The problem is: are there solutions for the next equation?
$$(x!+1)(y!+1)=(x+y)!$$
with $x,y\in\mathbb{N}$.
My solution:
$\left(x!+1\right)\cdot \left(y!+1\right) = \left(x+y\right)!$
$x!y!+x!+y!+1= \left(x+y\right)!$
$\displaystyle\frac{x!y!+x!+y!+1}{x!y!}= \displaystyle\frac{\left(x+y\right)!}{x!y!}$
$1+\displaystyle\frac{1}{y!}+\displaystyle\frac{1}{x!}+\displaystyle\frac{1}{x!y!}=\displaystyle\binom{x+y}{x}$
how $1+\displaystyle\frac{1}{y!}+\displaystyle\frac{1}{x!}+\displaystyle\frac{1}{x!y!}\leq{4}$, then $\displaystyle\binom{x+y}{x}\leq{4}$, If $\displaystyle\binom{x+y}{x}\leq{4}$, is neccesary that $x,y\leq{4}$.

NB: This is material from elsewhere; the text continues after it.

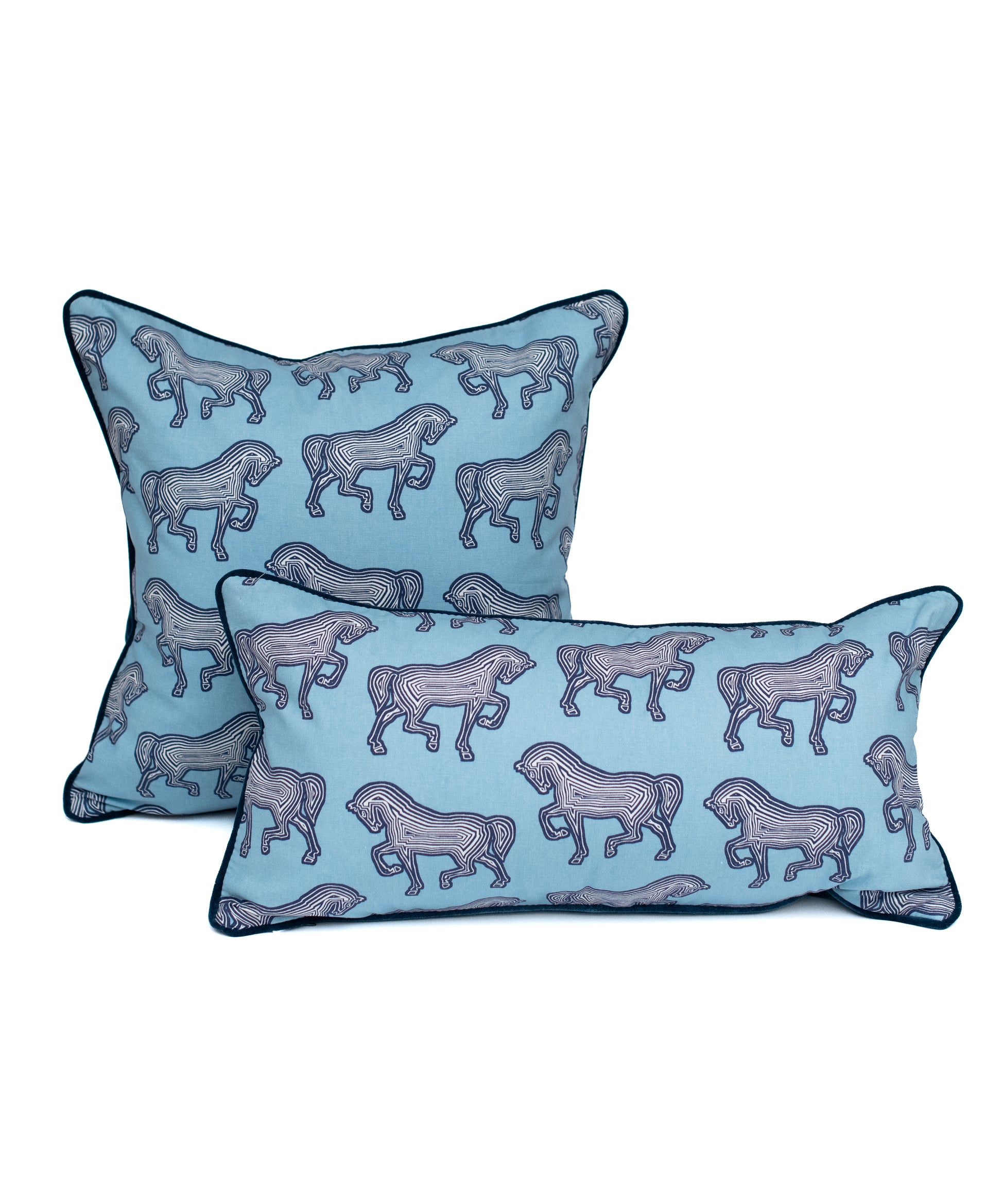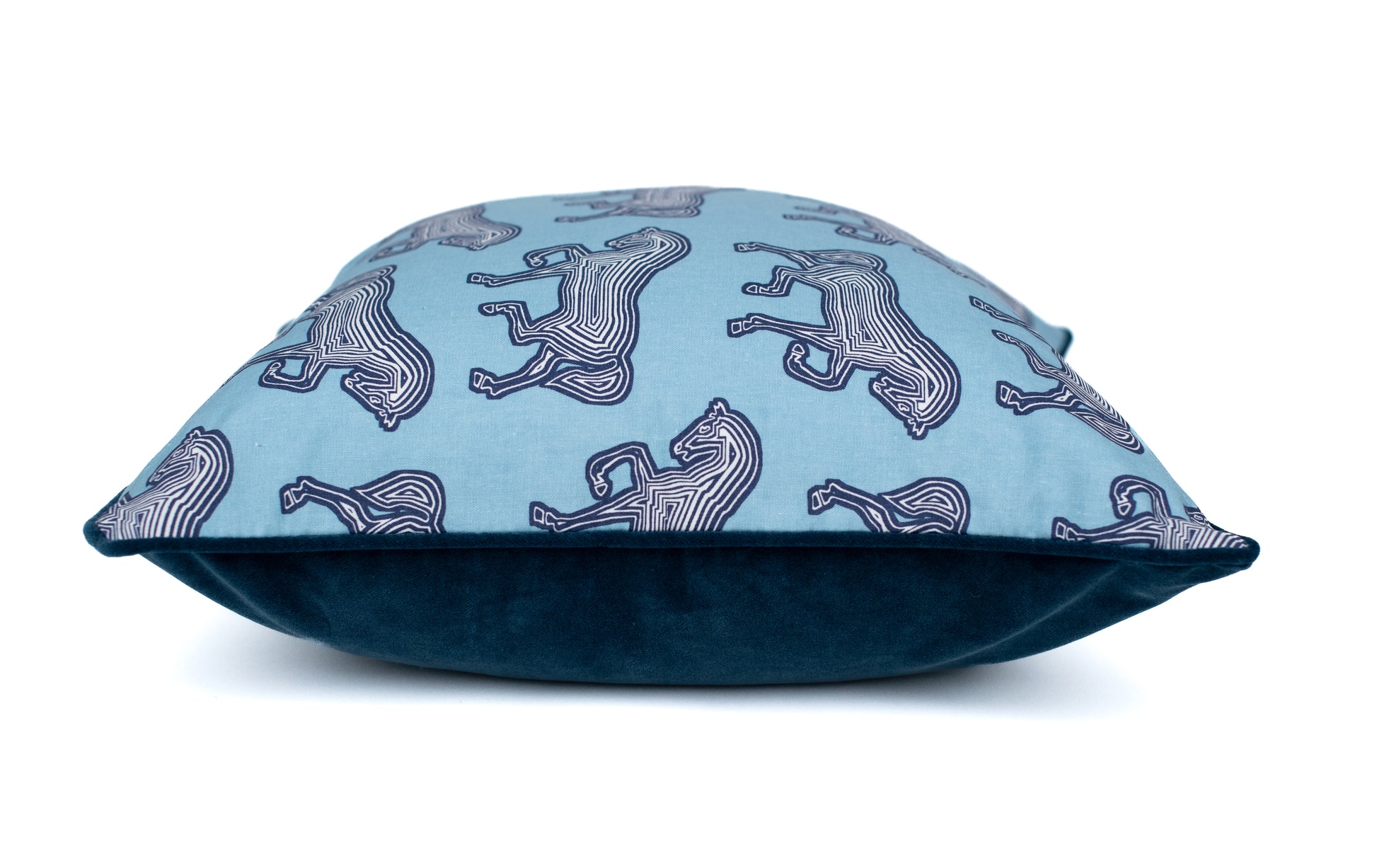 Made with the Schumacher Faubourg cotton performance fabric, this pillow elevates any room by adding an element of equestrian flair and timeless style. Piped and backed in a luxe navy blue velvet, thus creating the perfect compliment to the Faubourg design. Designed by Perch Interiors with a hidden zipper.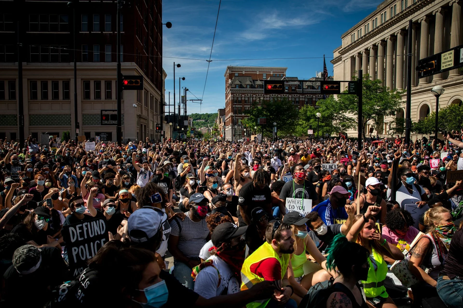 Just over the Ohio River from Northern Kentucky, thousands of protesters take a knee in front of the Hamilton County Courthouse in downtown Cincinnati on Sunday, June 7, 2020. (Photo by Meg Vogel/ The Enquirer)

Therefore I can check a possible finite set of solutions $\{(x,y)|x,y\leq{4}\}$.
Is correct my proof?
There are other form?
The pairs $(1,2)$ and $(2,1)$ are the only solutions. To see this assume that $x>1$ and $y>1$. Then $x!$, $y!$ and $(x+y)!$ are even. But $(x!+1)(y!+1)$ is odd, which is a contradiction. Thus, $x=1$ or $y=1$, and since the problem is symmetric in $x$ and $y$ we assume that $y=1$. Then $2(x!+1)=(x+1)!$, which is equivalent to $x!+2=x\cdot x!$. Thus, $x!|2$, and this shows that $x=1$ or $x=2$. But $x=1$ is not possible. Thus, $x=2$.